Por que escrevo?
Escrevo para não morrer.

(José Saramago)

sexta-feira, 26 de outubro de 2012

MEMÓRIAS DA FLOR DE UM MENDIGO


 Acordei várias vezes somente com a folha branca em baixo de meu travesseiro. E nos sonhos de poeta, encontrei-me com um ser vestido de todas as dores do mundo. Ele carregava a garrafa de vinho seco na mesa.

Não tive nenhuma compaixão por suas dores porque assemelho ao teu olhar cheio de ocultismo dissimulado que vai se transformando em poesia fecundada.

Senti-me obrigada a pegar o papel rasgado como o véu sagrado e escondi-o no rosto da multidão das palavras. Elas subiram no palco da minha escravidão de maldita e forçaram-me a embriagar de versos e vomitar o gosto do vinho. Por isso, sou tal como o mendigo que me presenteou com a flor vermelha.

Tomei a garrafa do mendigo e comecei a beber as palavras, no instante em que subia no palco de minha escravidão. Elas, aos poucos, vão tirando o véu transparente de meu corpo que, antes era sagrado, e agora parece um Eros retorcido. E a minha fraqueza humana não consegue sequer escrever um poema que o mendigo trouxe na ponta de meu lápis.

No entanto, aos goles e soluços, o mendigo implora por um pedaço de palavra que espera ser poesia. Mas a poesia, essa fera que me doma, soterra minha existência sem razão. Zomba de minha existência moribunda e inútil toda vez que eu quero ser poeta.

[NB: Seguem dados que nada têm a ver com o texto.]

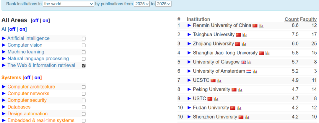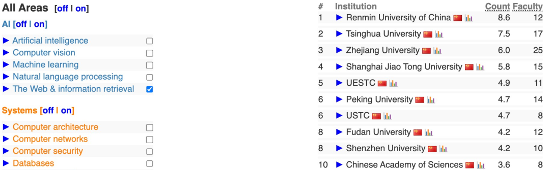在AI大类中选择“网页信息检索”方向,全球前十的高校分别是中国人民大学、清华大学、浙江大学、上海交通大学、格拉斯哥大学、阿姆斯特丹大学、电子科技大学、北京大学、中国科学技术大学、复旦大学、深圳大学。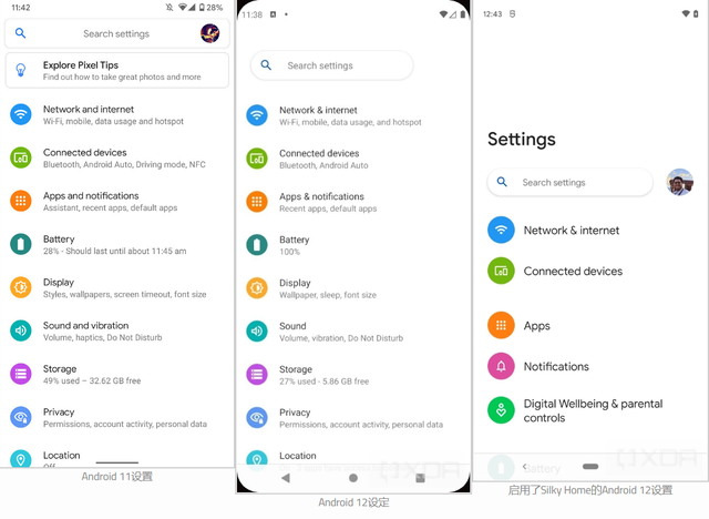 随着手机屏幕尺寸越来越大,单手进行所有操作基本已经不可能,在 Android 12 上,添加了一个名为“Silky Home”的功能图标,该功能可以将页面上的内容进一步下拉,使其更容易被点按。

Como não tenho saída, entrego-me no barro na busca de que Deus refaça meu ser no entulho e modele minha alma para ser canção. Pressinto o cheiro do mendigo que vai se mesclando a minha alma sangrando. Ele fica mudo, inerte e não se move. De repente, ele abre o roupão e começa a distribuir a poesia de seu corpo. Uma poesia que não oculta e nem dissimula, não aquece e nem ilumina meu pranto.

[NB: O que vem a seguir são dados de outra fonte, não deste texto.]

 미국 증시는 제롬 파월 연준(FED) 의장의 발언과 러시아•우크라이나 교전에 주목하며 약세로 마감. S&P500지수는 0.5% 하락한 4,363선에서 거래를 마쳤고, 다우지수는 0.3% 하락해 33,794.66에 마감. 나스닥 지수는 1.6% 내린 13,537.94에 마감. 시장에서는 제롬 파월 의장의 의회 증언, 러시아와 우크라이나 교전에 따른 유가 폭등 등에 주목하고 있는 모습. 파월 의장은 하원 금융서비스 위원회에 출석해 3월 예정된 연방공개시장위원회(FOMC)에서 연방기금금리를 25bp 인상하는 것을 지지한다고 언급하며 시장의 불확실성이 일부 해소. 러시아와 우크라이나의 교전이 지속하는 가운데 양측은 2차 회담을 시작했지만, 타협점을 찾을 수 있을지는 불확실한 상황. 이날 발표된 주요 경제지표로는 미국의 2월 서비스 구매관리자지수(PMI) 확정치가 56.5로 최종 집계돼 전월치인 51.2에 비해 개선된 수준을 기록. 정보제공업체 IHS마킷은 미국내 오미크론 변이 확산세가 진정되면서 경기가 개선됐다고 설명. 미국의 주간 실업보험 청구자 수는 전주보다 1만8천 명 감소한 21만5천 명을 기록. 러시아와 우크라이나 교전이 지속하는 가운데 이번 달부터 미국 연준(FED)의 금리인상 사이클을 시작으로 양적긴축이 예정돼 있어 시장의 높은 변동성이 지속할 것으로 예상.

Ouço a voz rouca e inevitável do mendigo no escuro. A flor brilha mais que a utopia no asfalto. Com as pétalas esmagando-se uma a uma, o mendigo vai cantando a valsa e me tirando do pesadelo. Ele torna-me sujeito lírico de sua fome por versos que eu não consegui escrever. E ele diz-me que eu preciso sair do pesadelo que é a vida humana. É preciso ser feliz por inteira. Ele sempre me aponta para a FLOR. Mas a flor zomba de minha utopia e sorri de meu camuflado cinismo diante da vida.

Ao final de meus devaneios, o mendigo direciona-me para a imagem de um rio que já correu pela terceira margem, onde vejo também, uma menina do lado de lá, escondida atrás de um embondeiro de pássaros, e me diz as seguintes palavras:

 Eu sou a porta aberta para o mundo

Sou o mendigo que passou por ti

Com o saco de palavras nas costas.

Sou a gota de poesia disfarçada de FLOR.

Eu sou o Verbo de Deus que tua pena não viu.

Sou o Menino Jesus que dorme contigo sempre

E ao raiar do dia esconde no manto das galáxias.